I stumbled down the hall to find her screaming but her mobile was on, she had a blankie covering her legs, and there were four binkies surrounding her head. Tried as he might, Breckin couldn't stop her screaming but he called Mommy 911 and that's what mattered. I will forever love him for hearing her and coming to get me. How do you repay that? Good job, Buddy.

Tuesday, April 6, 2010

Oh.....

I added some "retro" Easter photos to the end of the Easterish album over there on The Photos. I ran across them while I was uploading this year's and Breckin's little face reminds me so much of Ella... I had to throw some old school shots in. I think he was not quite 2 years old. It was when we lived in the apartment after our Issaquah house sold.... Good times.

Monday, April 5, 2010

Self Inflicted Ridiculousness

We taught Breckin about April Fool's Day. It started with the simple humor of:

Dustin: Hey Buddy, my name is Buzz Lightyear. April Fools!
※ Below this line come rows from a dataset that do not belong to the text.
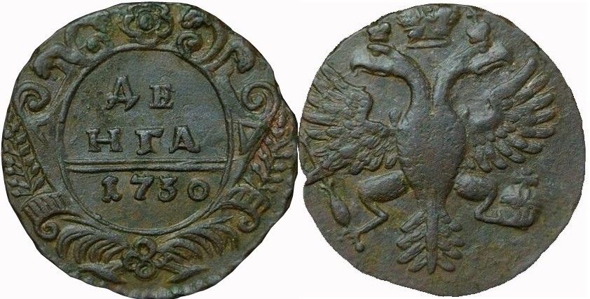 В продолжение темы Орлов. Деньга 1730 года. Малый и Толстый Орлы, они же Малыш и Толстяк.
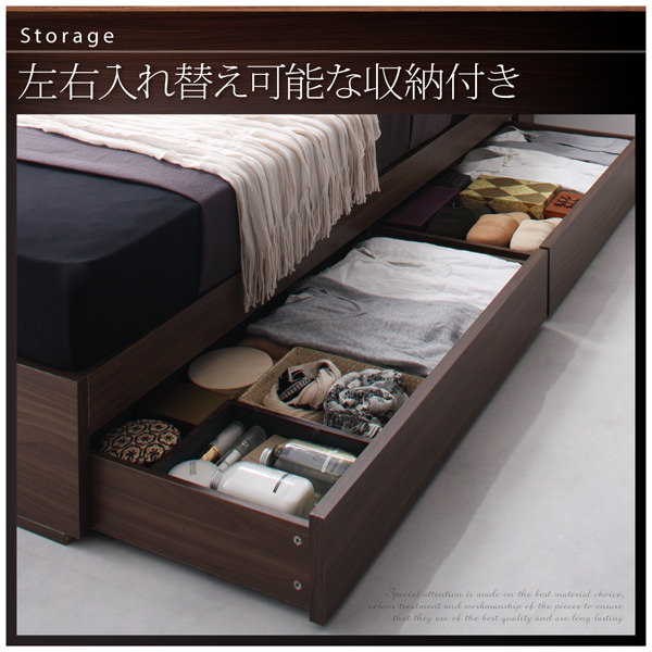 収納付きベッド【General】ジェネラルのベッドは、スペースを有効的に使える2杯の引き出しが付いた高級なデザインの収納付きベッドです。引き出しは、左右どちらにも取付可能です。この商品は、【フレームのみ】シングルタイプです。
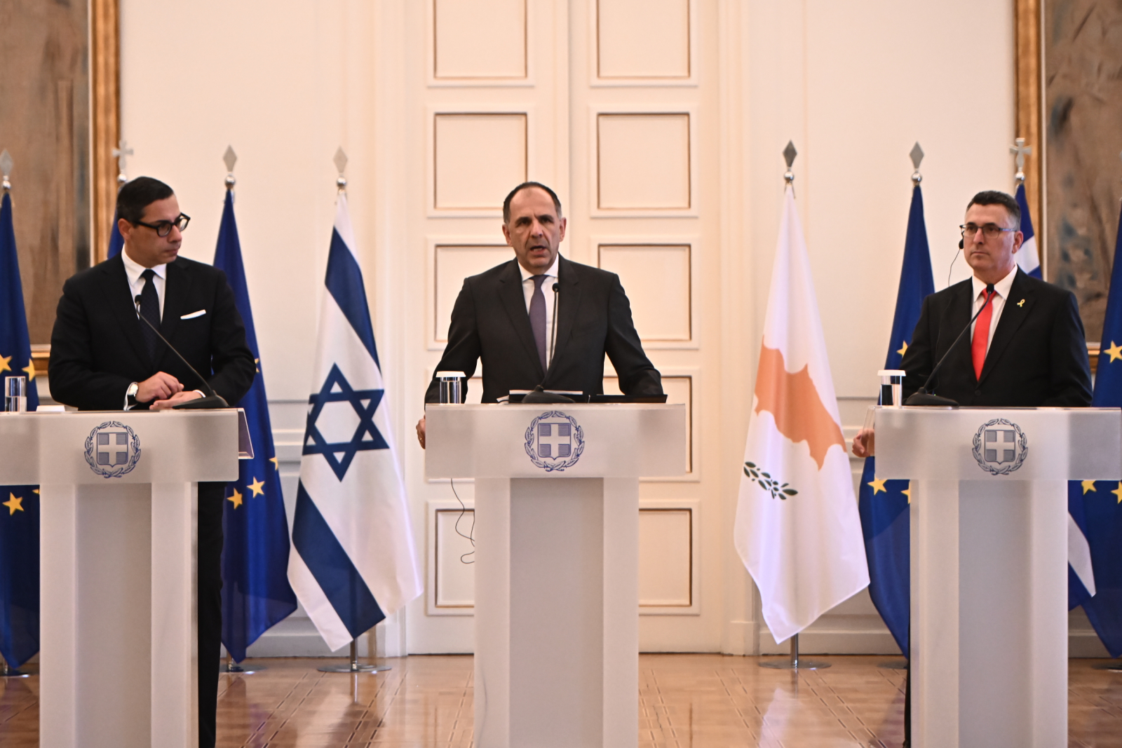 Θερμό ήταν το κλίμα στη τριμερή συνάντηση των υπουργών Εξωτερικών της Ελλάδας, της Κύπρου και του Ισραήλ, που έλαβε χώρα στην Αθήνα, την Πέμπτη. Στο επίκεντρο της συνάντησης βρέθηκε τόσο η ενεργειακή διασύνδεση των χωρών, όσο και η διεύρυνση του σχήματος με την επανενεργοποίηση του «3+1» και τη συμμετοχή των Ηνωμένων Πολιτειών. Ψηλά στην ατζέντα, βρέθηκε επίσης το Κυπριακό αλλά και η σημασία του οικονομικού διαδρόμου IMEC.
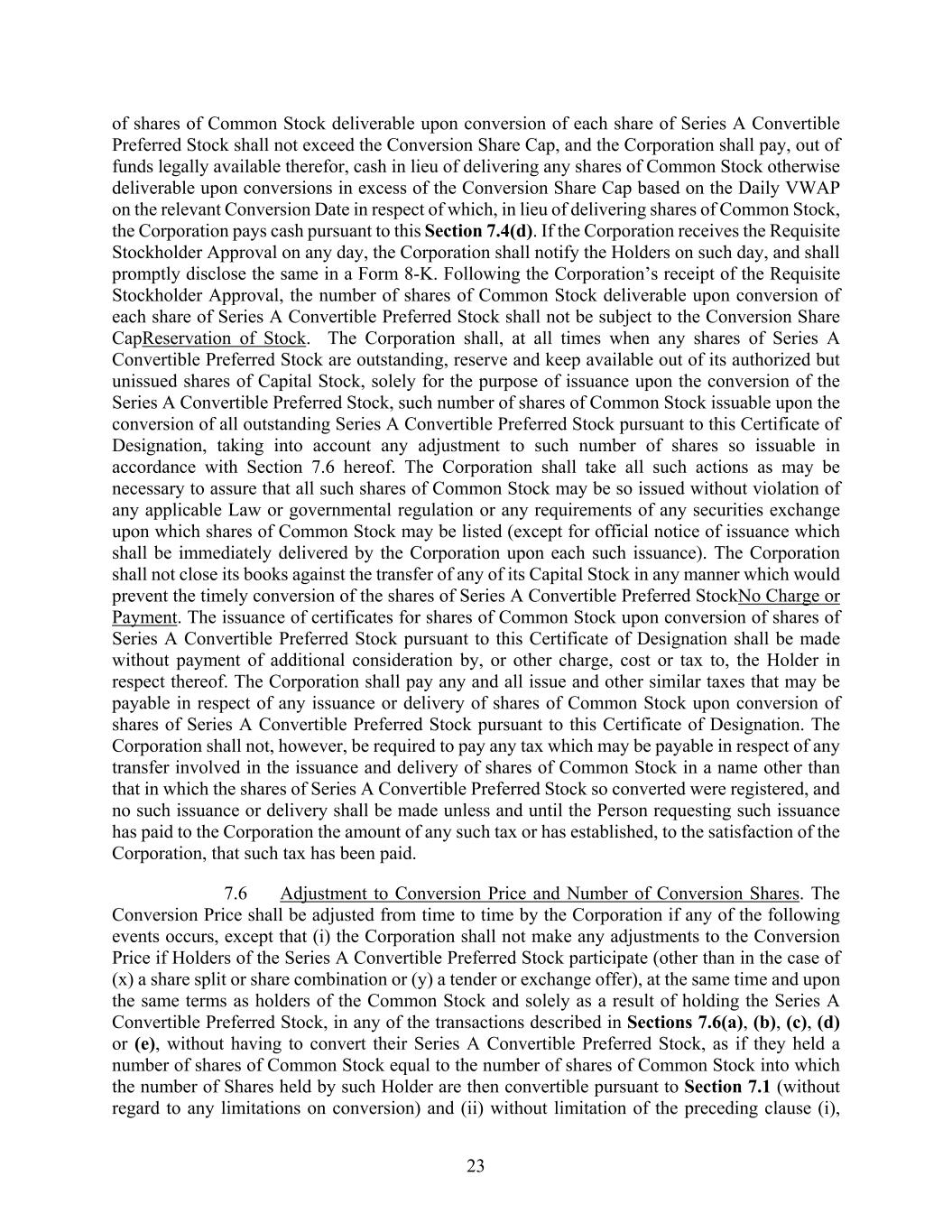 23 of shares of Common Stock deliverable upon conversion of each share of Series A Convertible Preferred Stock shall not exceed the Conversion Share Cap, and the Corporation shall pay, out of funds legally available therefor, cash in lieu of delivering any shares of Common Stock otherwise deliverable upon conversions in excess of the Conversion Share Cap based on the Daily VWAP on the relevant Conversion Date in respect of which, in lieu of delivering shares of Common Stock, the Corporation pays cash pursuant to this Section 7.4(d). If the Corporation receives the Requisite Stockholder Approval on any day, the Corporation shall notify the Holders on such day, and shall promptly disclose the same in a Form 8-K. Following the Corporation’s receipt of the Requisite Stockholder Approval, the number of shares of Common Stock deliverable upon conversion of each share of Series A Convertible Preferred Stock shall not be subject to the Conversion Share CapReservation of Stock. The Corporation shall, at all times when any shares of Series A Convertible Preferred Stock are outstanding, reserve and keep available out of its authorized but unissued shares of Capital Stock, solely for the purpose of issuance upon the conversion of the Series A Convertible Preferred Stock, such number of shares of Common Stock issuable upon the conversion of all outstanding Series A Convertible Preferred Stock pursuant to this Certificate of Designation, taking into account any adjustment to such number of shares so issuable in accordance with Section 7.6 hereof. The Corporation shall take all such actions as may be necessary to assure that all such shares of Common Stock may be so issued without violation of any applicable Law or governmental regulation or any requirements of any securities exchange upon which shares of Common Stock may be listed (except for official notice of issuance which shall be immediately delivered by the Corporation upon each such issuance). The Corporation shall not close its books against the transfer of any of its Capital Stock in any manner which would prevent the timely conversion of the shares of Series A Convertible Preferred StockNo Charge or Payment. The issuance of certificates for shares of Common Stock upon conversion of shares of Series A Convertible Preferred Stock pursuant to this Certificate of Designation shall be made without payment of additional consideration by, or other charge, cost or tax to, the Holder in respect thereof. The Corporation shall pay any and all issue and other similar taxes that may be payable in respect of any issuance or delivery of shares of Common Stock upon conversion of shares of Series A Convertible Preferred Stock pursuant to this Certificate of Designation. The Corporation shall not, however, be required to pay any tax which may be payable in respect of any transfer involved in the issuance and delivery of shares of Common Stock in a name other than that in which the shares of Series A Convertible Preferred Stock so converted were registered, and no such issuance or delivery shall be made unless and until the Person requesting such issuance has paid to the Corporation the amount of any such tax or has established, to the satisfaction of the Corporation, that such tax has been paid. 7.6 Adjustment to Conversion Price and Number of Conversion Shares. The Conversion Price shall be adjusted from time to time by the Corporation if any of the following events occurs, except that (i) the Corporation shall not make any adjustments to the Conversion Price if Holders of the Series A Convertible Preferred Stock participate (other than in the case of (x) a share split or share combination or (y) a tender or exchange offer), at the same time and upon the same terms as holders of the Common Stock and solely as a result of holding the Series A Convertible Preferred Stock, in any of the transactions described in Sections 7.6(a), (b), (c), (d) or (e), without having to convert their Series A Convertible Preferred Stock, as if they held a number of shares of Common Stock equal to the number of shares of Common Stock into which the number of Shares held by such Holder are then convertible pursuant to Section 7.1 (without regard to any limitations on conversion) and (ii) without limitation of the preceding clause (i),

He thought that was funny and caught on that it's basically about doing/saying stuff that isn't true and seeing who will fall for it. It evolved to:

Dustin: Hey Buddy, Mommy's teapot is made out of junk. April Fools!
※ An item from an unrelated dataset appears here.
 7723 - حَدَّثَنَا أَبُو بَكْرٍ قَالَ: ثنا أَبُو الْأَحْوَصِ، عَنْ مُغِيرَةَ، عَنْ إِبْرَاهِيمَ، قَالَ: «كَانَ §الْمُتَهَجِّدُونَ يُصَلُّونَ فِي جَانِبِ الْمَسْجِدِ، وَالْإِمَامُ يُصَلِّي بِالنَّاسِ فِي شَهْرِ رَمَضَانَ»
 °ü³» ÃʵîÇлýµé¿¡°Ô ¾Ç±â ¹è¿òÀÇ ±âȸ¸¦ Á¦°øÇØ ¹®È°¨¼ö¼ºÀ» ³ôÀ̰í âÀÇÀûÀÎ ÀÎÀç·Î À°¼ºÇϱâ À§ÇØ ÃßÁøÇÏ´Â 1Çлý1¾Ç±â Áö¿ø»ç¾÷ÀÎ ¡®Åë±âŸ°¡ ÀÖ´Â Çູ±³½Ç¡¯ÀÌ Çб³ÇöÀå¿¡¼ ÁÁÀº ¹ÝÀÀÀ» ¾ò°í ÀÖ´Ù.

And, then finally- on the big day, I told him that Miss Carol called and said a pancake fell on their school and it was closed. April Fools. He wore pajamas to school just to be silly. And, after dinner that night, I served him spaghetti cupcakes. They are simply regular ol' cuppycakes with yellow piped frosting (to look like noodles), melted jam (the sauce), and whoppers (meatballs). He was fooled and quite upset that I would ruin cupcakes with pasta. His reaction was priceless and he almost had tears in his eyes til we convinced him it was not actually pasta. Poor guy was so upset. I guess we better stick to the simple jokes...
Wanna see pictures of the cupcakes and his reaction (as well as Easter, egg hunts, etc)? Click on The Photos over there on the right.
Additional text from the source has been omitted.